I’ve just installed 2 GTX 1080ti on Threadripper 1950x. However, if I run the P2P benchmarks provided by cuda’s sample (such as simpleP2P, p2pBandwidthLatencyTest), they crash.
The cause should be caused by the following function call:
cudaMemcpy(g1, g0, buf_size, cudaMemcpyDefault)
And g0 and g1 are defined as:
float *g0;
checkCudaErrors(cudaMalloc(&g0, buf_size));
float *g1;
checkCudaErrors(cudaMalloc(&g1, buf_size));
I’ve also enabled AMD-vi and IOMMU, but it still does not work. Does this mean that cuda’s UVA can only work on Intel platform?
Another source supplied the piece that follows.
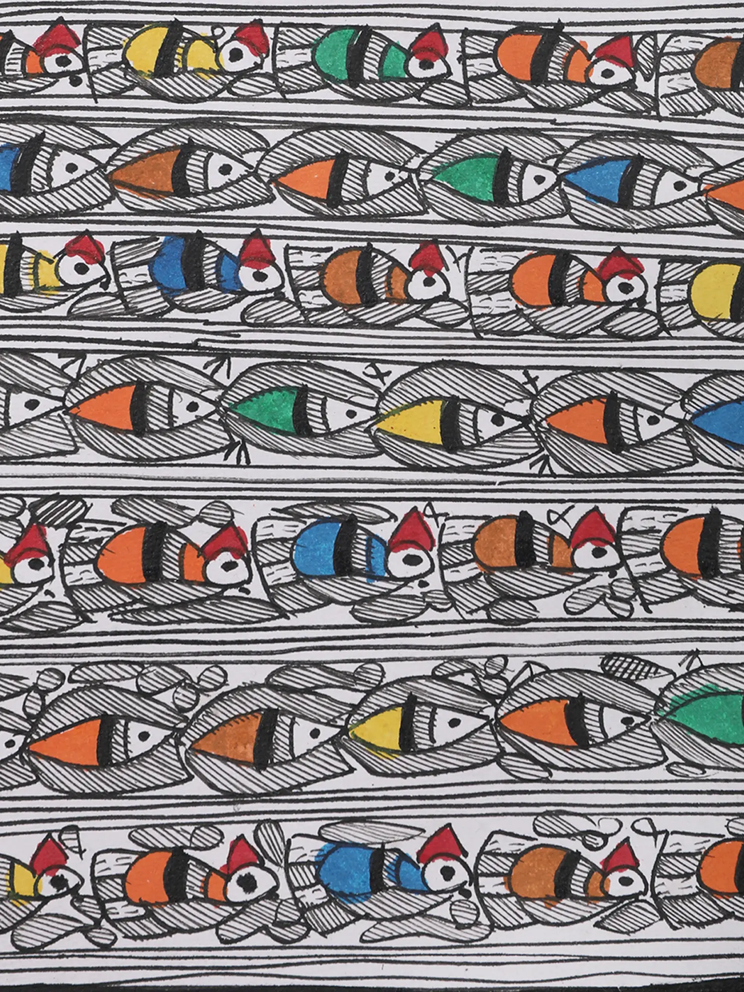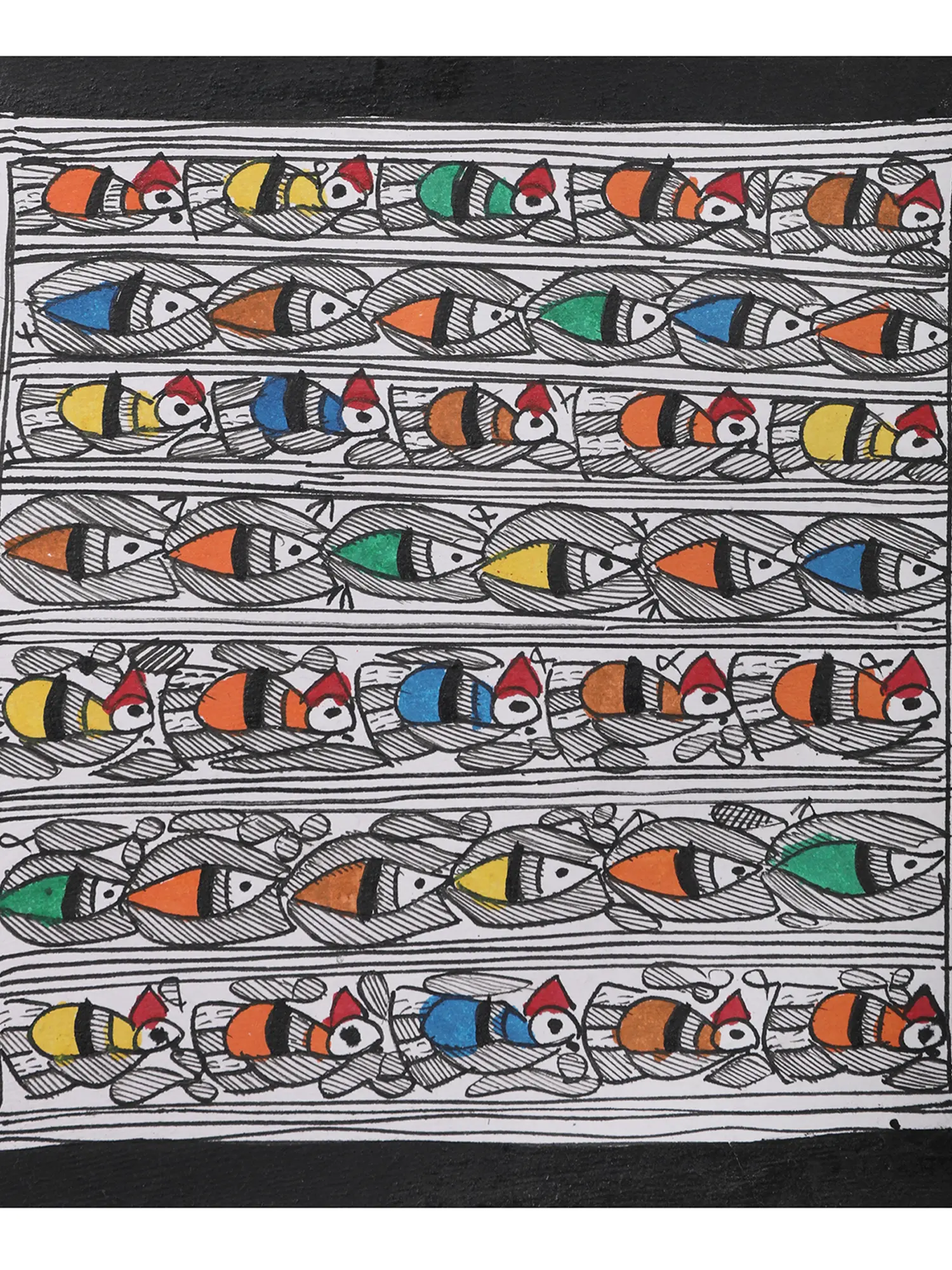 The Pattern of Birds and Fishes by Ajay Kumar Jha, crafted on handmade paper, is an outstanding piece, that seamlessly blends nature's grace with artistic finesse. The intricate detailing of birds and fishes creates a mesmerizing symphony, evoking a sense of tranquility and harmony. Each stroke resonates with the artist's skill, infusing the piece with life and energy.

Sorry, I made a mistake, the codes that caused the problem is:
printf("Run kernel on GPU%d, taking source data from GPU%d and writing to GPU%d...\n",
gpuid[0], gpuid[1], gpuid[0]);
checkCudaErrors(cudaSetDevice(gpuid[0]));
SimpleKernel<<<blocks, threads>>>(g1, g0);
checkCudaErrors(cudaDeviceSynchronize());
Similar problem here. We replaced a few of our old Intel Xeon nodes with Threadripper 1920 systems with two TitanX GPUs. P2P transfers in MXnet fail. Syslog showing thousands of entries like this:
I’ve solved the problem and posted it in another thread with the same title. The sollution is to diable IOMMU in bios settings. Nvidia has its own memory managing mechanism.